2012-04-01 00:00:30 | 世界共通

 2012年度に入りました。

 現在、世界経済にはさまざまなリスクが想定されていますが、個人的には今年度最大のリスクはインフレだと思っています。もっとも、欧米諸国(および新興国)とわが国のインフレの度合いには多少の違いがあって、それを天気予報風に表現すると、

 ・欧米諸国:インフレ暴風警報
 ・わが国 :インフレ注意報

欧米諸国ではインフレがますます激しくなり、社会不安も高まって、ところによりデモや暴動が多発するような事態となるでしょう。一方わが国でもインフレに十分な注意が必要になるでしょう・・・といったところだと思います。

 欧米諸国では、度重なる金融緩和であふれたマネーが国際商品市場に流れ込み、石油や小麦などの価格を高騰させています。その一方で実体経済の回復が遅々として進みません。インフレがどんどん激しくなるのに市民の賃金や給与が上がらないため、市民生活が大きなダメージを受けて社会不安が増大していきそうだ、という予想です。

 他方でわが国は状況がやや異なります。金融緩和を続けてきた欧米諸国に比べて規律ある通貨管理が行われていることなどから為替は長く円高/外貨安のトレンドを描いてきました。

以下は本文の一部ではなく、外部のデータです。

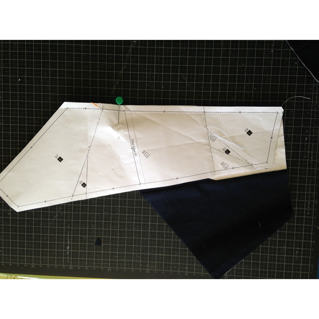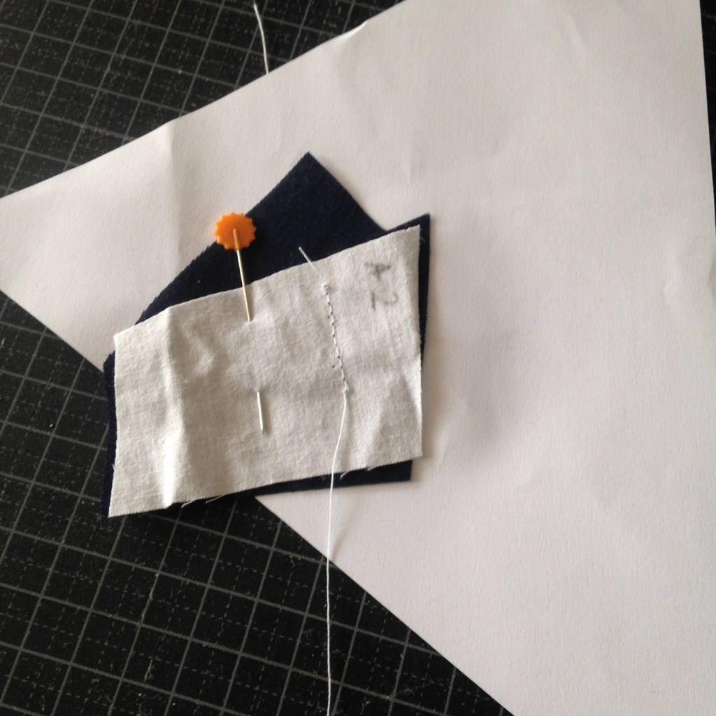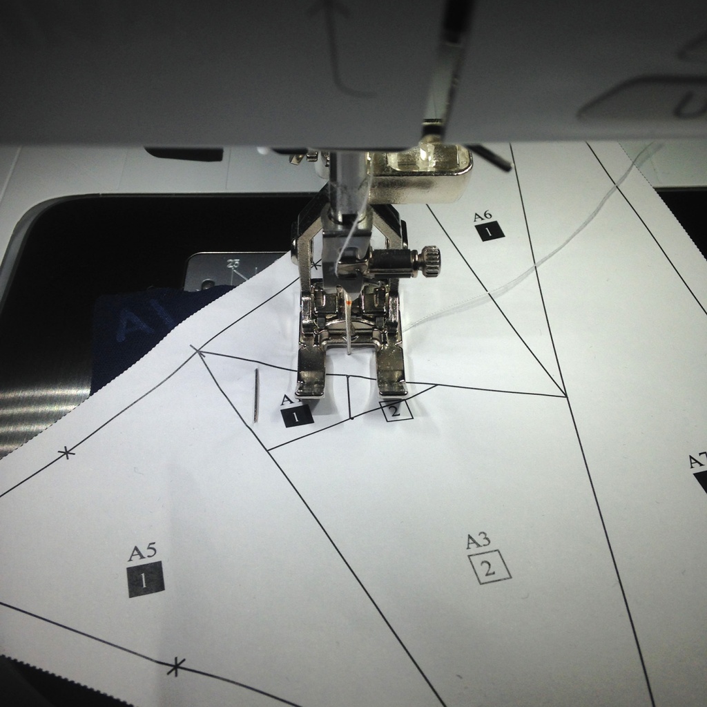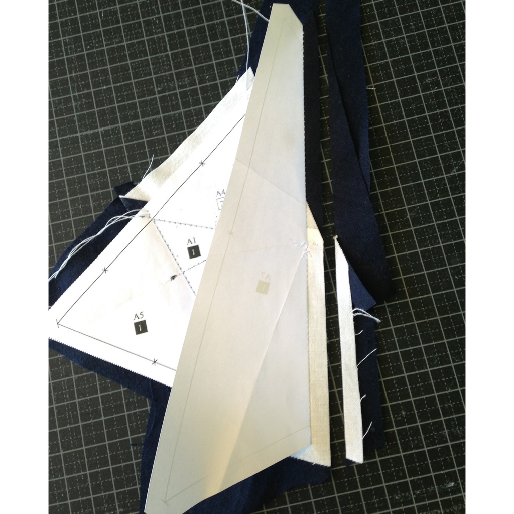 • Hacemos una costura al papel sobre la línea que une A5 y A1-A3 y con las telas en la parte inferior.

この円高ファイアウォールとなってドル建ての石油などの資源価格の上昇を抑制し、それが物価の安定に寄与してきました。

 もっとも、2月の日銀の金融緩和以降、一転してやや円安/ドル高の基調となり、これらの資源価格の円建て価格が急激に上昇し、それがインフレをもたらしかねない状況となってきたので十分な注意が必要になってきた、ということです。